« 1.043: the fine art of strategy | Main | 1.045: administrivia - comments feed and new tsa domains »

March 07, 2009

1.044: ibm's amazing splash dance

mickey's splash danceLeave it to the folks over at Big Blue to throw cold water on the whole flash storage revolution.

On the same day that both IDC and Gartner confirmed that IBM is losing share in the external storage market while EMC is gaining, the following Tweet from "ibmstorage" floated across my TweetDeck:

IBM's approach to new storage technology
"Solid state disks for enterprise storage"
http://tinyurl.com/acom2s (pdf)
ibmstorage , Fri 06 Mar 10:32 via web

The links gets you this white paper: Solid state disks for enterprise storage - IBM’s approach to new storage technology.

UPDATE: Just in case IBM moves or withdraws the referenced white paper, I have saved a copy of it here on my blog site.

With a title like that, I figured this paper would be the long-waited IBM response to my previous Flashdance post, even though it was probably at least in draft weeks before I started my post.

I wasn't to be disappointed.
 

I take that back

In fact, I was INCREDIBLY disappointed by this paper. Coming from a supposed technical powerhouse with vertical integration from storage to server to implementation services (and the stranglehold that means they hold over customers), I had expected that IBM would deliver to us a well thought out explanation about how they would be helping to accelerate and leverage this new technology across all dimensions of their products to improve performance, reduce costs, and deliver innovative solutions.

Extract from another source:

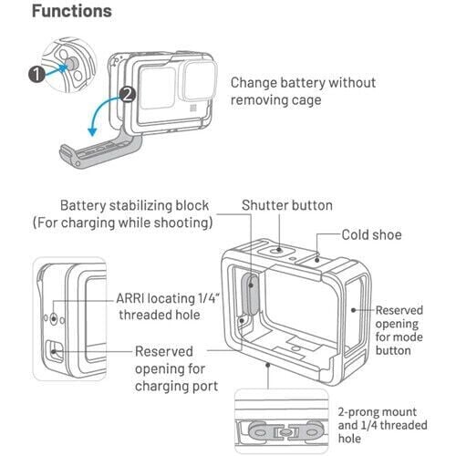 PGYTECH GoPro 12 Camera Cage, GoPro HERO12, HERO11, HERO10 ve HERO9 modelleriyle uyumlu, hafif ve dayanıklı bir alüminyum koruma çerçevesidir. Kafes, kamera üzerinde ek aksesuar montajı için bir adet soğuk ayakkabı yuvası ve bir adet 1/4”-20 dişi vida deliği içerir. USB-C güç girişi için menteşeli kapak sayesinde, kameranın şarj edilmesi veya güç alması sırasında kolay erişim sağlanır. Kafes, yatay ve dikey çekim modları arasında geçiş yapmayı mümkün kılar ve GoPro’nun resmi aksesuarlarıyla uyumludur. Kamera bataryası ve hafıza kartına erişim için üstten açılır kapak tasarımı sunar.()

What we have been given instead is a paper full of excuses, misrepresentations of the technology, outright inaccuracies and banal promises of something better still to come. Heck, where most competitor's have squatted down on one of the three "excuses" that Chuck Hollis and I both predicted over the past year, IBM has instead decided to invoke all three:

  1. The technology isn't ready for the enterprise yet
  2. There aren't any valid use cases
  3. We're working on something even better, just wait

And though I'm sure that BarryW will spring to the defense of this paper, there is no denying that the authors are not in sync with the realities of flash. In fact, the IBM white paper contradicts SNIA's Solid State Storage Initiative's SSD white paper (Solid State Storage 101 – An introduction to Solid State Storage). Which is peculiar, since the chairperson of the SSSI is in fact an IBM employee (Phillip Mills). Phil didn't write the paper, and I have no clue whether he reviewed it, so I'm not throwing him under the bus. But I'd like to think that IBM would try to keep the Left Hand and the Right Hand working together toward the same objectives.

but what’s the objective?

Usually ‘white papers’ are written for one of two reasons. Most frequently the intent is to inform and educate readers as to a specific differentiating feature, product or technology. Less often, vendors use ‘white papers’ as a means of explaining why their products aren’t yet supporting some new technology. This form of paper is usually written in the form of educational prose to camouflage the real message: you can’t get this technology from us yet.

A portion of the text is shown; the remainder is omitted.